The bystander effect “can be anything from someone using the phrase ‘that’s so gay’ to seeing hazing or alcohol abuse on campus,” Kraus said.
According to Dilbeck, the conference was a “unique and extraordinary opportunity” to introduce the issue of the bystander effect to fraternity and sorority leaders. Many students and faculty thanked Dilbeck for introducing them to a new set of vocabulary to speak about things they have all experienced.
Dilbeck stressed that they bystander effect affects people from all walks of life. “When you, as a human being, see something happen that you know is not right and you do nothing and say nothing, you are a bystander,” he said.
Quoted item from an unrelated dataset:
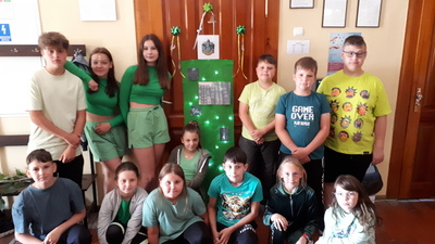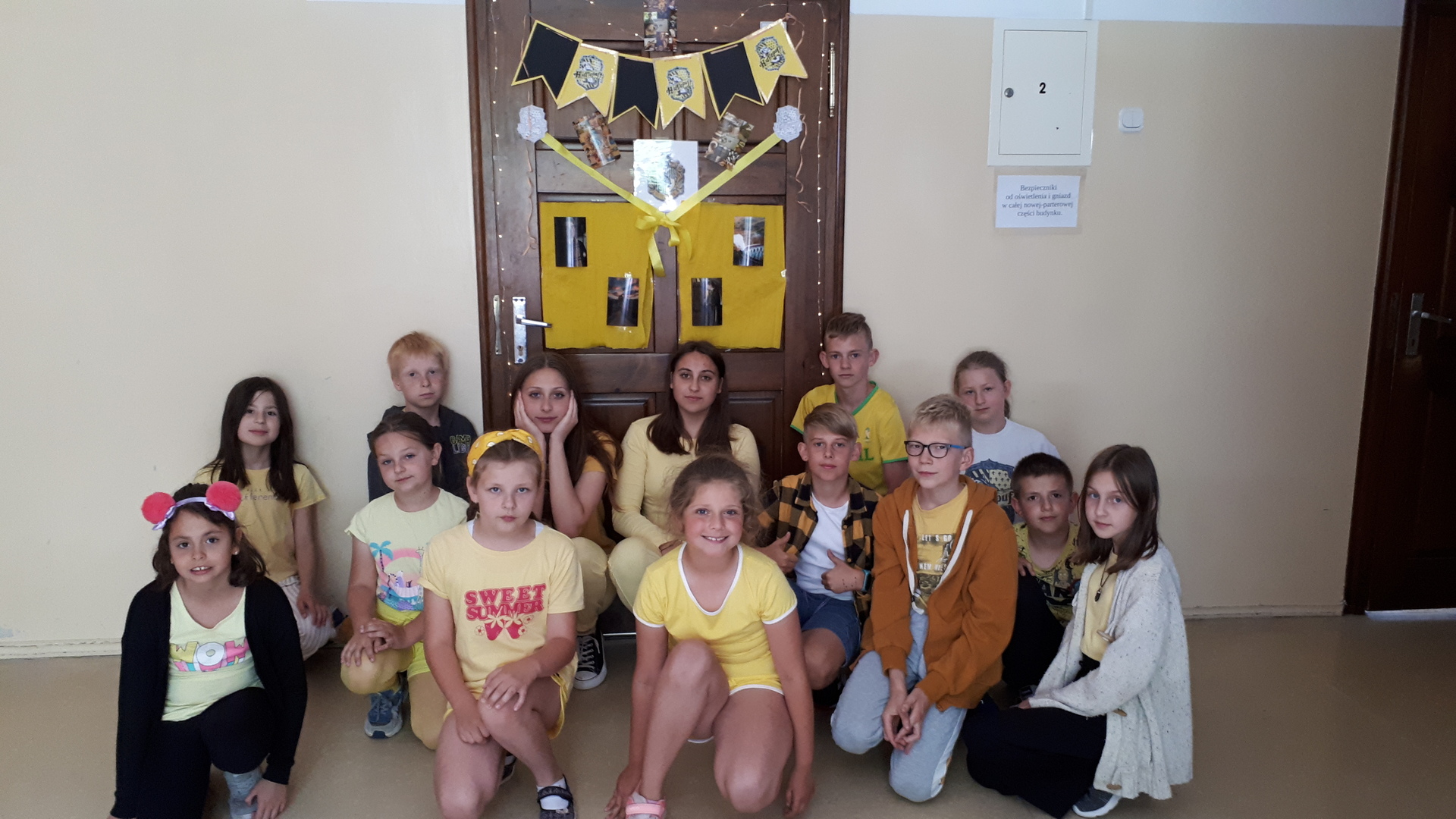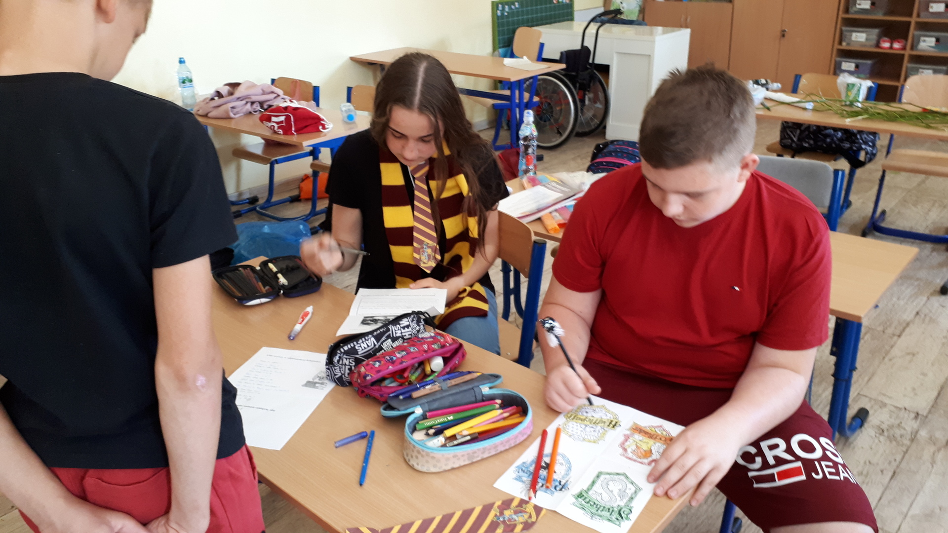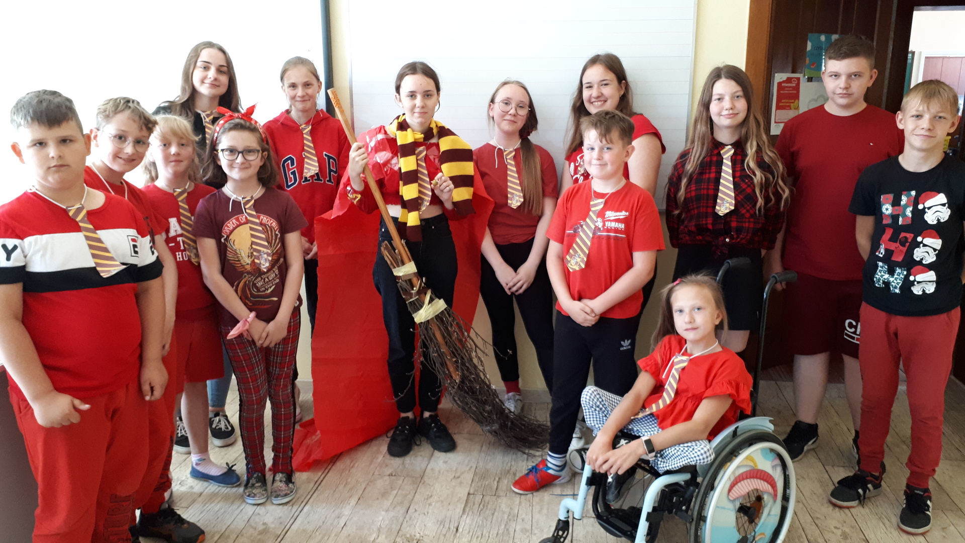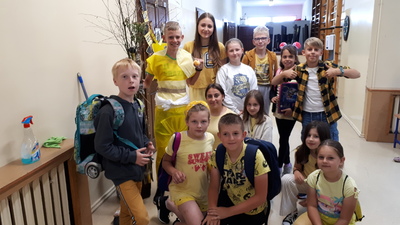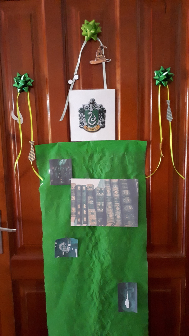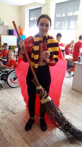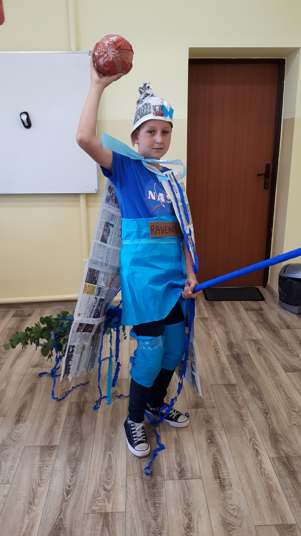 Dnia 22.06.2022 w naszej szkole został zorganizowany kolejny projekt z cyklu Dzień Angielski. Tym razem tematem przewodnim zajęć był film Harry Potter i kamień filozoficzny. Kilka dni wcześniej uczniowie wykonali test przydziału do domów w Hogwarcie. Na podstawie testu uczniowie mieli przygotować sobie strój zgodny z „domem”, do którego należą oraz udekorować drzwi „domu”.

“There are things that are happening in a fraternity that people aren’t asking enough questions about,” he added. “Nine times out of ten, if we really start asking those questions, there are things happening in a chapter that we’ll realize we shouldn’t be doing.”
According to Lunoe, educational workshops ranged from recruitment ideas to risk and stress management.
“It was great to socialize with other people,” he said. “I learned a lot of things about how to run an inter-fraternity council.”
Lunoe said he hopes to encourage open expansion of the National Interfraternity Council chapters at Penn. This system will allow any of the 73 NIC fraternities to set up a chapter on campus at any time.
Currently, the University has a voting system in which the majority of existing fraternities must agree to allow new chapters to set up.